Remember when Qin Shi Huang tried to destroy the “100 philosophy schools”? Qin was the first Chinese sovereign to proclaim himself “Emperor“, after unifying China in 221 BC. He ordered the books of the philosophy schools destroyed, since, presumably only the “Legalist” philosophy of the state of Qin should rule. However, the point that Qin failed to understand (and similarly, say, Domitian) is that the “100 schools” including Confucianism and its derivatives,Buddhism and what not, had enabled, through debate, to build the superiority of Qin’s Legalism. 

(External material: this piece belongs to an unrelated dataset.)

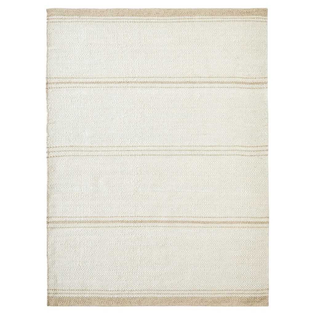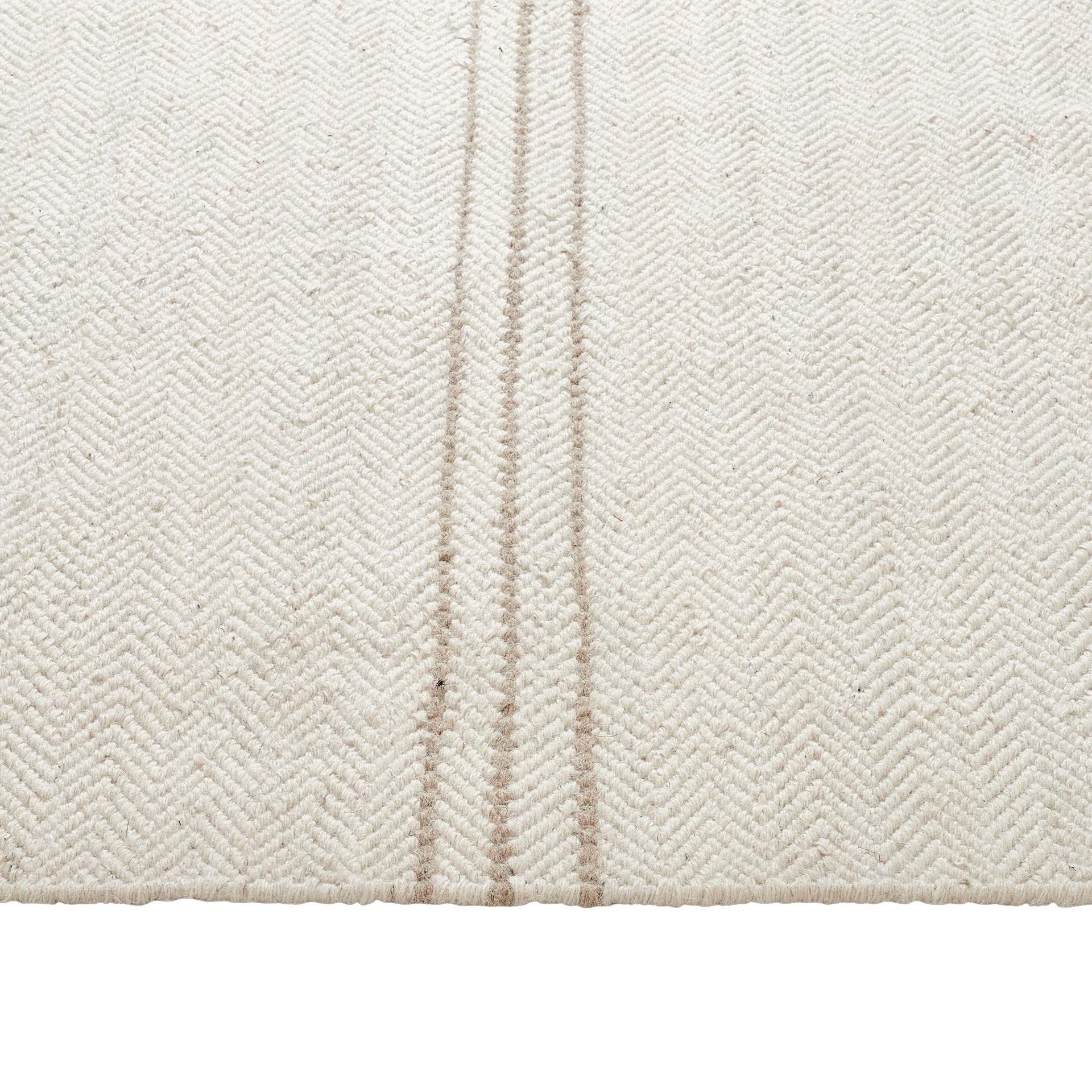 Offert en tailles diverses, ce tapis tissé à la main peut être installé dans le salon, la cuisine, le couloir, la chambre à coucher ou là où vous le souhaitez. L'alliage des rayures de tons ivoire et beige lui confère un aspect de grande élégance sans chichis. Il s'harmonisera en toute aisance avec des accessoires minimalistes ou un ameublement de facture traditionnelle.

To construct a debate, and make it fructify, one needs opponents. Say the Taliban, the Talibiden and its Bin Biden… I would not hesitate to debate the Taliban. A French woman reporter interviewed a top Taliban chief. He looked at her just once., The rest of the time, he only looked at the interpreter, a man. It is hilarious to see a big bad Taliban being scared of a single French woman. But that’s French supremacy for you.

Western Europe (differently from China) was not submitted for 16 centuries. How? From its most significant supremacy… That means its superiority in most significant matters (like the outlawing of slavery). And first then, supremacy in matters intellectual (let hasten to add that this supremacy is in increasing doubt nowadays… For example, some “advanced” countries are more anti-vaxx than some supposedly little developed countries… This probably came from the fascist, and useless measures taken… in said advanced countries…)

Supremacy: a concept hated nowadays. That hatred is the deepest problem. Superior thinking, superior debate have been cancelled by cancellation of… debate.

European supremacy in metallurgy, weapons, food production, beans, domesticated animals, mechanical advantage, outlawing slavery, tyranophobia (Charlemagne was more of a first among his peers, a chief comrade, than a God-like Roman emperor; Frankish kings were elected). 

1,000 years ago, East Asian supremacy boomed demographically, from rice cultivars which one could plant twice a year, doubling productivity. 

This steam engine was demonstrated by Hero of Alexandria by 50 CE (who also engineered pumps making great jets of water for Roman firemen…). Papin in 1707 CE would go further and build a steam powered boat…)

Engineering professor Denis Papin demonstrated steam power along 100 kilometers of a German river, before his devilish invention got destroyed by monks in 1707. We need technological, intellectual supremacy more than ever, because of the confluence of several planetary ecological crises. The nature of what is superior, including superior thinking, needs to be examined carefully… to get us more of the good stuff we need, superior thinking. 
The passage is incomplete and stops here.